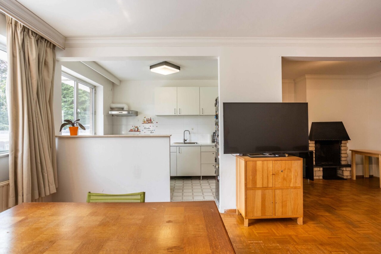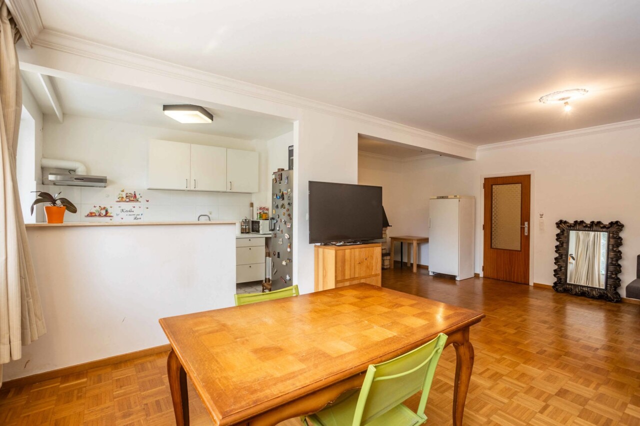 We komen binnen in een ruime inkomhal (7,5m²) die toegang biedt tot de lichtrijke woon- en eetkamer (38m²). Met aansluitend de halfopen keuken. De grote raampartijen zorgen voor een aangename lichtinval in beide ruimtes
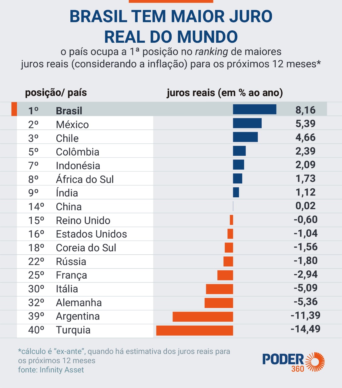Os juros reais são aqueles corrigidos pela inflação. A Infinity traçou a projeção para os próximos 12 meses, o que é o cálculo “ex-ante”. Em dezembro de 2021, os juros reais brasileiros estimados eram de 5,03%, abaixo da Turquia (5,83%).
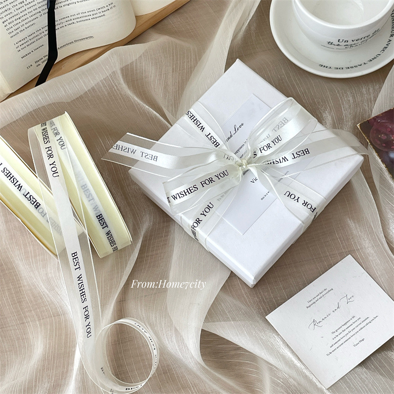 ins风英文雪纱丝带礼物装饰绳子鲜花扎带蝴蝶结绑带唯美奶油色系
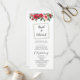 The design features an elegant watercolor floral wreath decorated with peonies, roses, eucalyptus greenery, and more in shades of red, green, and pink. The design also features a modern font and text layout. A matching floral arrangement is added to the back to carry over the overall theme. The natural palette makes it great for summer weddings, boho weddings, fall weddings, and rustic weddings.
...
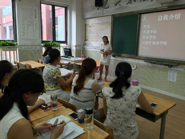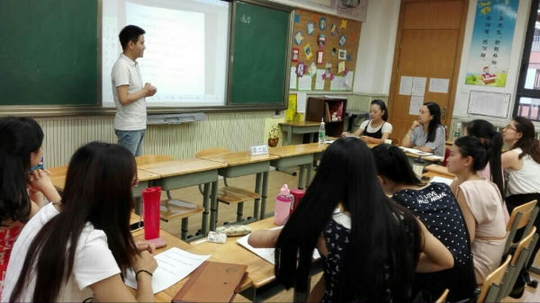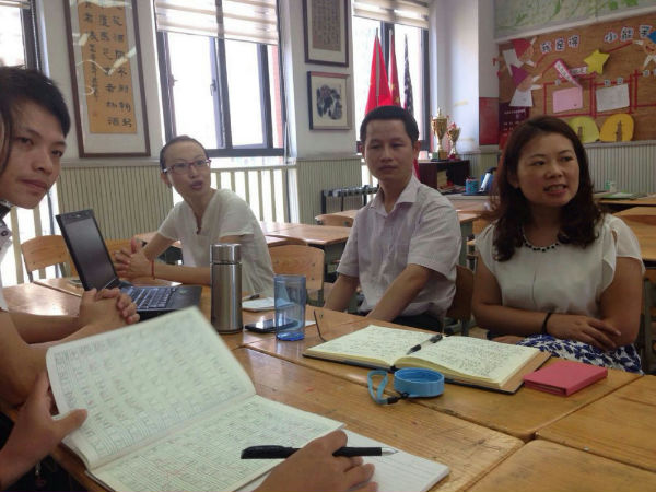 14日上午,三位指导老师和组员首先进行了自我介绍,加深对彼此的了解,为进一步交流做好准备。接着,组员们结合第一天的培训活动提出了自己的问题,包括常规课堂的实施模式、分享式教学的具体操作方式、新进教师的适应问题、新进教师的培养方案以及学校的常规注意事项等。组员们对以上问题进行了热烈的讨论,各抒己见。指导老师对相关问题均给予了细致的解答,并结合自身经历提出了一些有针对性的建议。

Task prompt – Would you output only the span of the records above that opens with the line containing "ins风英文雪纱丝带礼物装饰绳子鲜花扎带蝴蝶结绑带唯美奶油色系" and closes with the line containing "The design features", ends included and pictures dropped?

Response –
 ins风英文雪纱丝带礼物装饰绳子鲜花扎带蝴蝶结绑带唯美奶油色系
 The design features an elegant watercolor floral wreath decorated with peonies, roses, eucalyptus greenery, and more in shades of red, green, and pink. The design also features a modern font and text layout. A matching floral arrangement is added to the back to carry over the overall theme. The natural palette makes it great for summer weddings, boho weddings, fall weddings, and rustic weddings.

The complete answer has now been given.